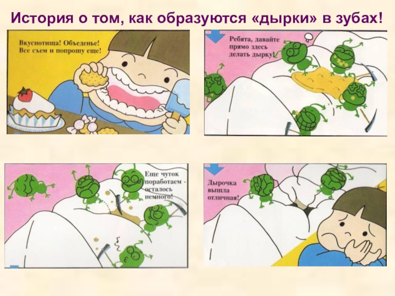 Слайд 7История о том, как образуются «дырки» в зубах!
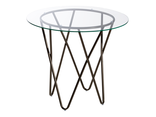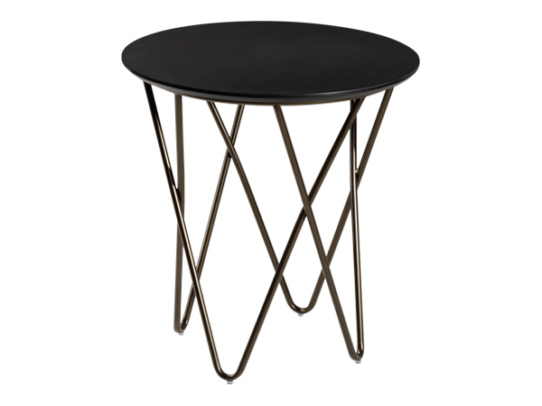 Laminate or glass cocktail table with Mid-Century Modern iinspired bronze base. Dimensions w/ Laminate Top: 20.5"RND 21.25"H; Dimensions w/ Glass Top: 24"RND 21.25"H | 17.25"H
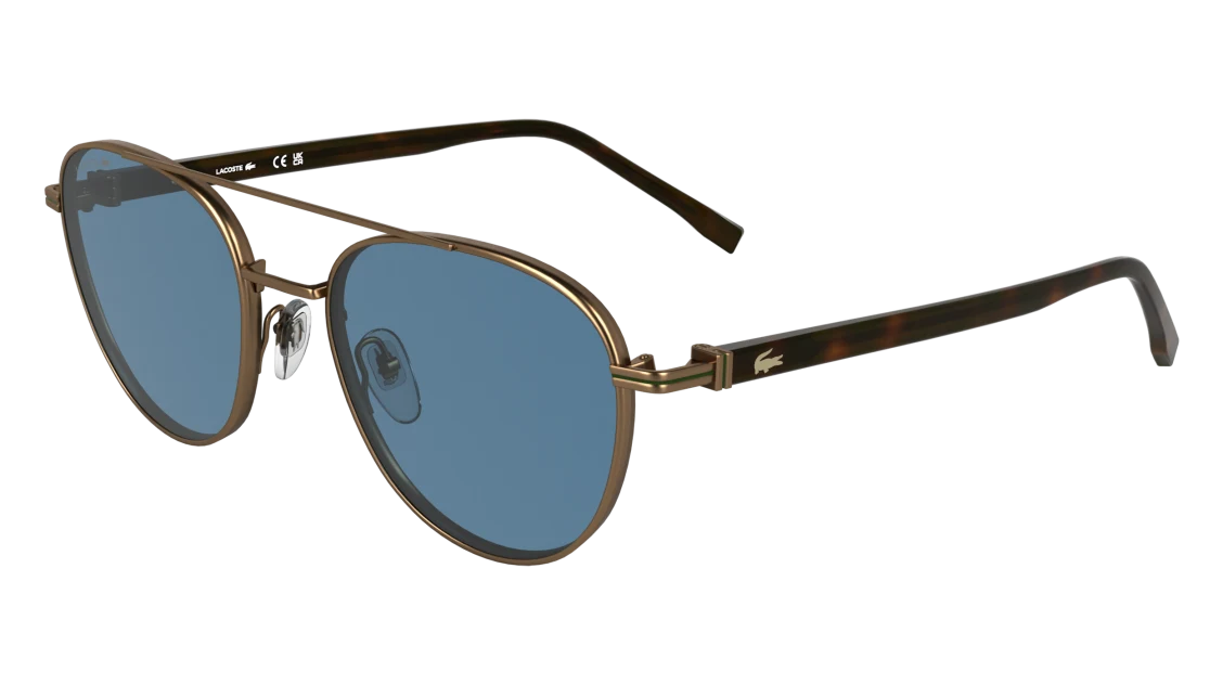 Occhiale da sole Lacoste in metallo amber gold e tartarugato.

---

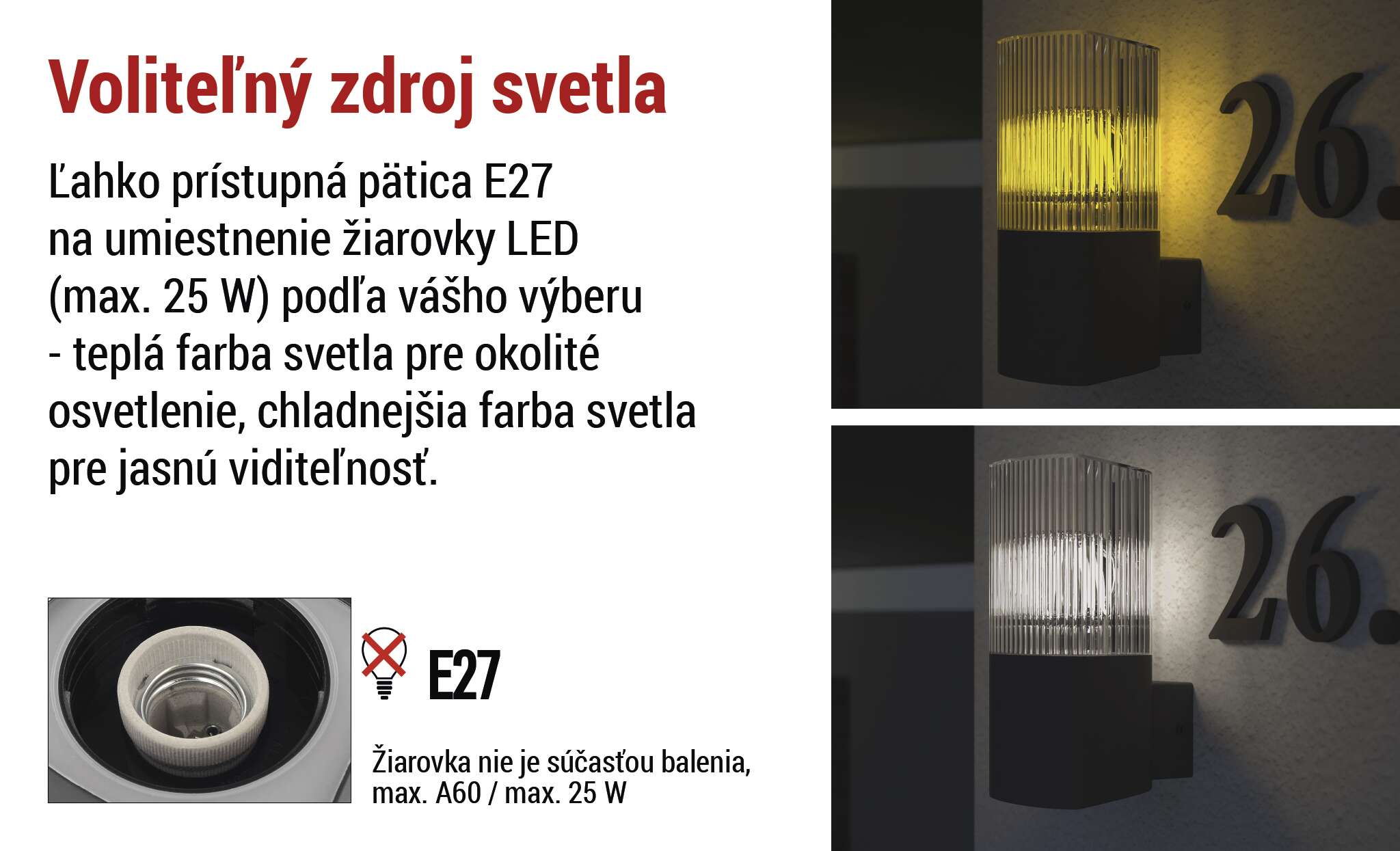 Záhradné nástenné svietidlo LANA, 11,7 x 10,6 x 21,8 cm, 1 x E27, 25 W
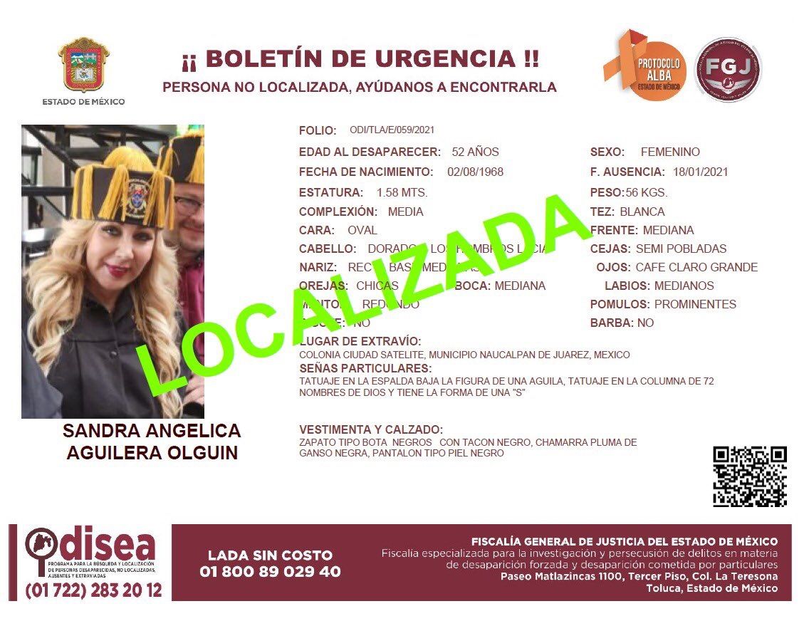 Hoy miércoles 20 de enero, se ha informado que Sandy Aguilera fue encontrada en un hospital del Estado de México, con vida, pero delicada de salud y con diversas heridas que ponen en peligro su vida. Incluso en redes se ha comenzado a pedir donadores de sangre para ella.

--

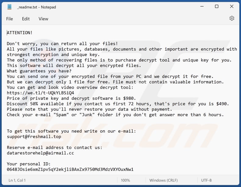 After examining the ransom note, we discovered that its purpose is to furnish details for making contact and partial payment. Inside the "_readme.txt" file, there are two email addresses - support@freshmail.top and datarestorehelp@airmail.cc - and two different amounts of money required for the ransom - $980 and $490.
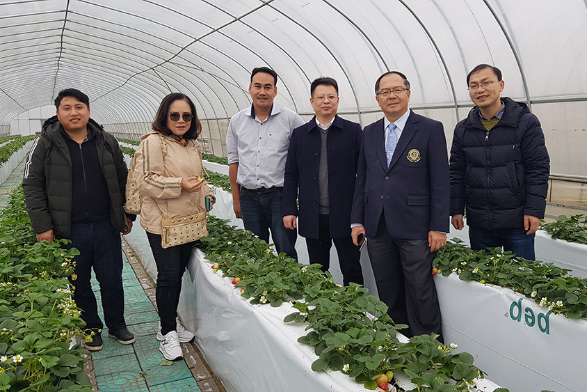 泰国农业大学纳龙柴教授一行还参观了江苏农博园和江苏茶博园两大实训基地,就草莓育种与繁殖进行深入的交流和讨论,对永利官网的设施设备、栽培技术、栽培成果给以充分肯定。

> **EXERCISE DESCRIPTION**
All that should appear in the answer is the lines above from the line with "Слайд 7История о" through the line with "Occhiale da sole", retyped exactly, pictures left out.

> **WRITTEN RESPONSE**
 Слайд 7История о том, как образуются «дырки» в зубах!
 Laminate or glass cocktail table with Mid-Century Modern iinspired bronze base. Dimensions w/ Laminate Top: 20.5"RND 21.25"H; Dimensions w/ Glass Top: 24"RND 21.25"H | 17.25"H
 Occhiale da sole Lacoste in metallo amber gold e tartarugato.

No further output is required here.